I may be responsible for explaining this since this is the test I wrote. If you use MONIT 4.7 or earlier, you need to apply pgsql-patch to make use of this protocol test.
A connection test in MONIT is done by opening a connection to the socket which the service is listening, sending some packets and then MONIT will decide if the service is alive based on response the service returns (or none at all). `Socket' can be a TCP/UDP port or a UNIX socket. Before dealing with PGSQL test, we might need to take a look at MONIT's connection test in general.
DNS service connection test example:
if failed host localhost port 53 type udp protocol dns with timeout 10 then restart
The host argument can be ommited. In that case, host is assumed to be localhost. type defaults to TCP and you can ommit it if it is. protocol can be one of (as of MONIT 4.8) APACHE-STATUS, DNS, DWP, FTP, HTTP, IMAP, LDAP2, LDAP3, MYSQL, PGSQL, NNTP, NTP3, POP, POSTFIX-POLICY, RDATE, RSYNC, SMTP, SSH, TNS, and if you ommit it generic connection test will be used. timeout means how long MONIT will wait before it giives up, whose default value is 5 (seconds).
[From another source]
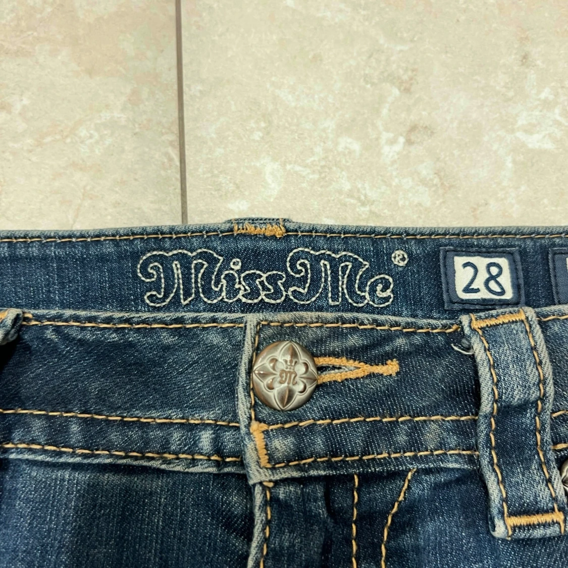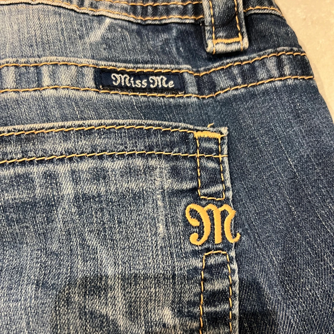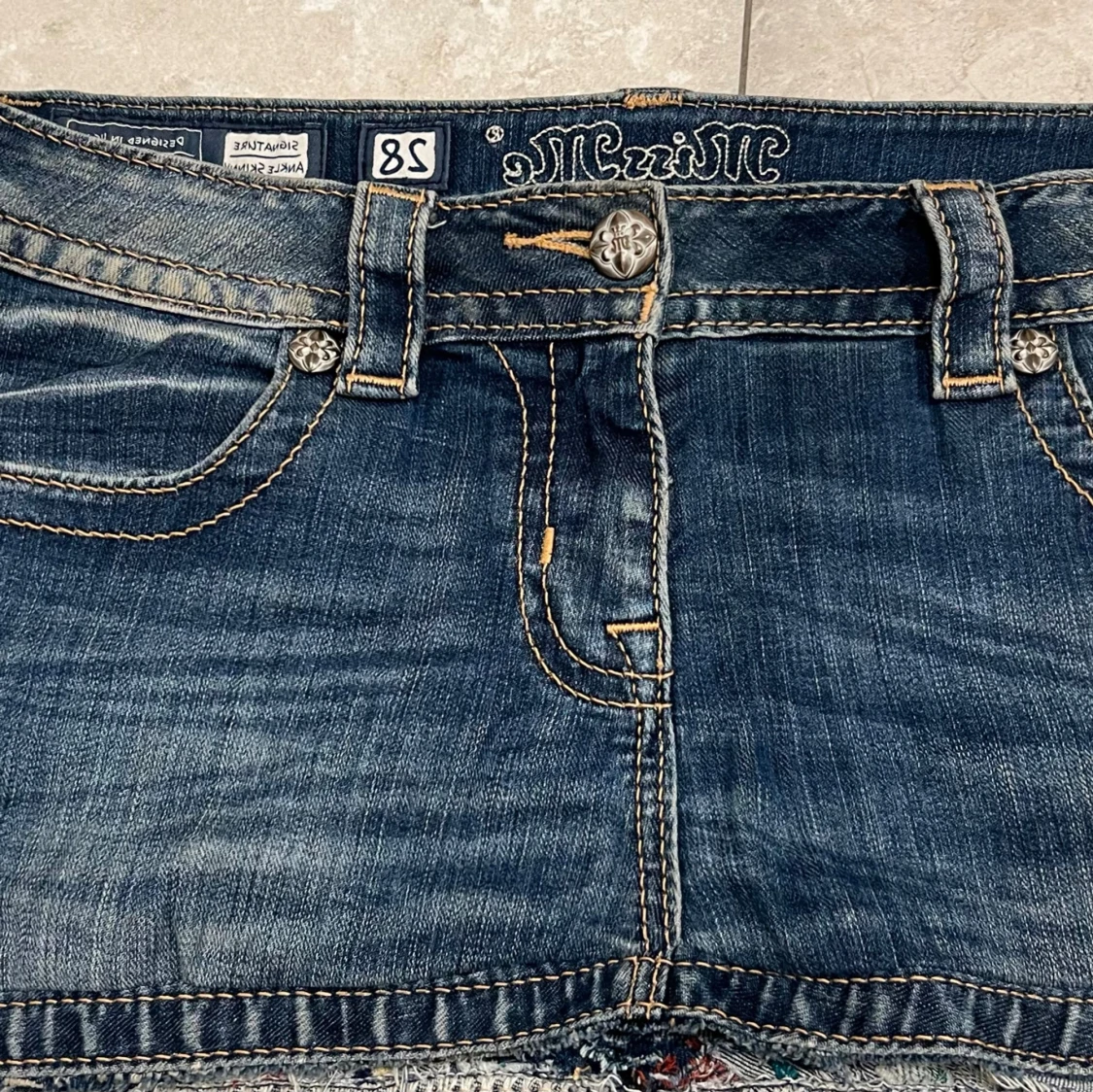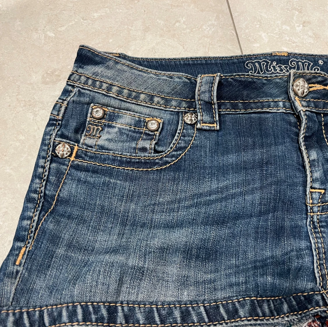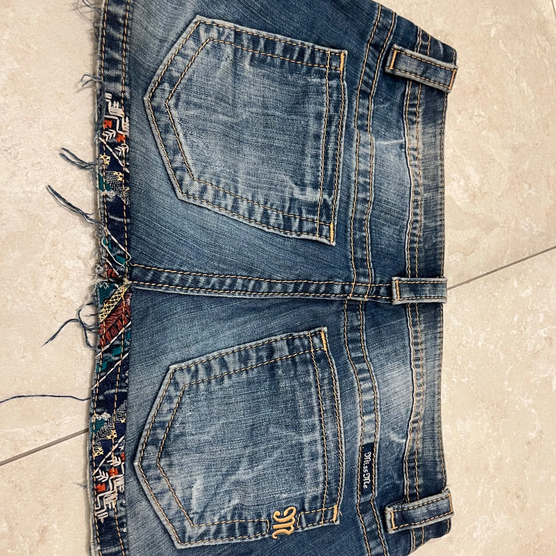 Jätte fin jeans kjol från miss me, storlek w28 skulle säga att den passar från w27-30. Lite sliten längst ner som man ser på sista bilden och det är själva modellen och det ska vara så.

`pgsql' is not very special in synopsis. Now, let us examine the case when we want to test PostgreSQL's activity through its UNIX socket.
PostgreSQL connection test example (via UNIX socket):
if failed unixsocket /tmp/.s.PGSQL.5432 proto pgsql with timeout 15 then restart
As PostgreSQL requires authentication even merely to connect it, certain preparations need to be done before practical use of this test. This procedure is not mandatory because the PGSQL test assumes it to be success when PostgreSQL might demand authentication or tell you there be no such user since they both mean functionality of postmaster. However, you'd better follow the procedure below to keep Postgres' log as clean as possible, that was the very initial aim for which I wrote this code. We are going to create DB user `root' for convenience because of the fact that MONIT is usually run by root. The example below assumes PostgreSQL is 8.x. If yours is older, some synopsis such as subnet format may vary;
host root root 127.0.0.1/32 trust <= for test via TCP port local root root ident sameuser <= for test via UNIX socket
"depends on" keyword can be used to make MONIT have another service to take action when an $EVENT occurred to certain service.
Caution ! :
You'd better NOT reference a service from a lot of definitions of services simultaneously. Note that when MONIT starts or restarts the parent service, it usually starts or restarts services dependent on it as well. This may end up with loop of controls, in which case MONIT will detect it and refuse to start.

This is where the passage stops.